The Union held two key positions which can be visited today: Little Round Top, which was the crucial high ground on the left flank of the Union forces, and Culp's Hill, which protected the Union's right side. General Lee's forces repeatedly tried to take those small hills, and repeatedly failed amid devastating casualties.

The most tragic engagement of all occurred on the third day: General Lee ordered his General George Pickett to lead his 15,000 men into a massive frontal assault against the Union forces, the largest direct attack in the history of the Western Hemisphere. Pickett knew it was a mistake and told Lee so, but Lee insisted. The Union forces slaughtered the charging soldiers; 60% of them were killed, wounded or captured, and the remainder, including Pickett himself, fled to safety. General Lee then had to retreat to Virginia, and the Union had won the most important battle of the war. This was the turning point in favor of the North.

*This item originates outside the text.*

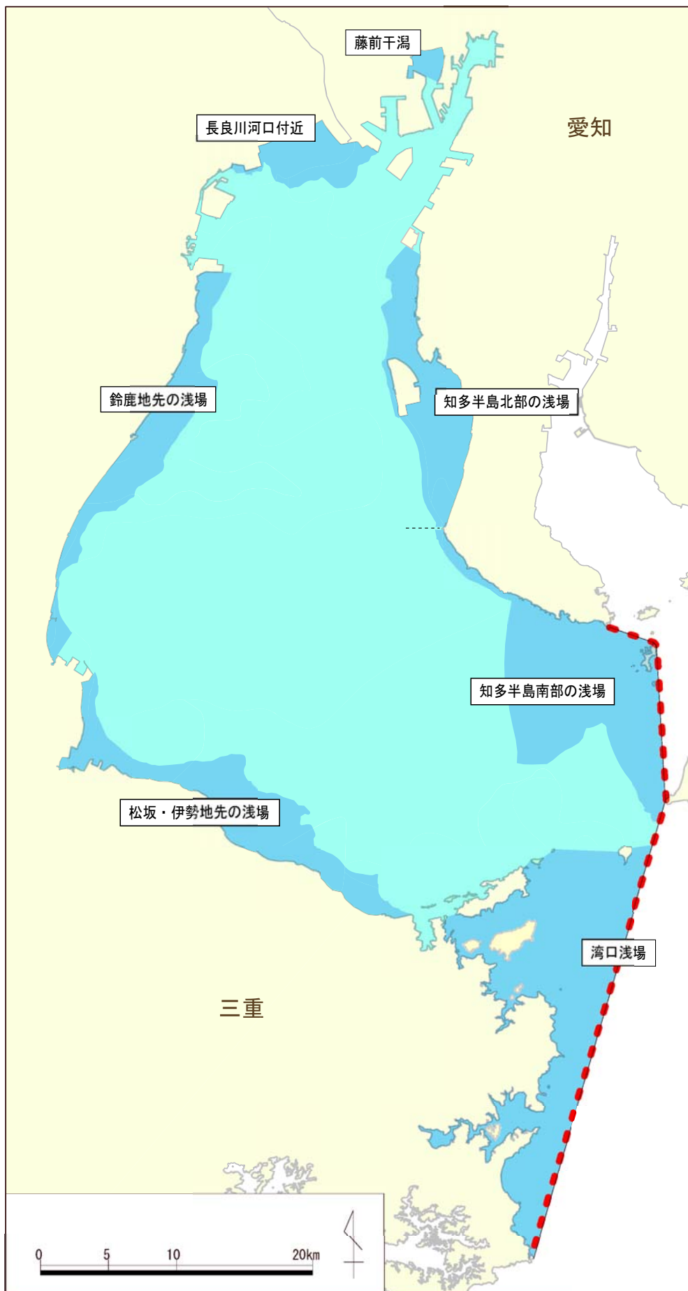
図5. 7 伊勢湾における特別域検討対象水域

Four months later, in November 1863, President Lincoln took a train ride out to Gettysburg to honor the dead. It was then a massive cemetery. Lincoln found faith as he prepared his remarks. Though not in the early drafts of his speech for that commemoration, while on the train Lincoln inserted in his own handwriting the phrase "under God" after the reference to "one Nation," so that his speech would refer to "one Nation, under God."[14]

President Lincoln then delivered his "Gettysburg Address" at the farm-turned-battlefield-turned-cemetery. Lincoln's short speech remains the most famous in all of American history. It ends with the immortal words "that this nation, under God, shall have a new birth of freedom -- and that government of the people, by the people, for the people, shall not perish from the earth."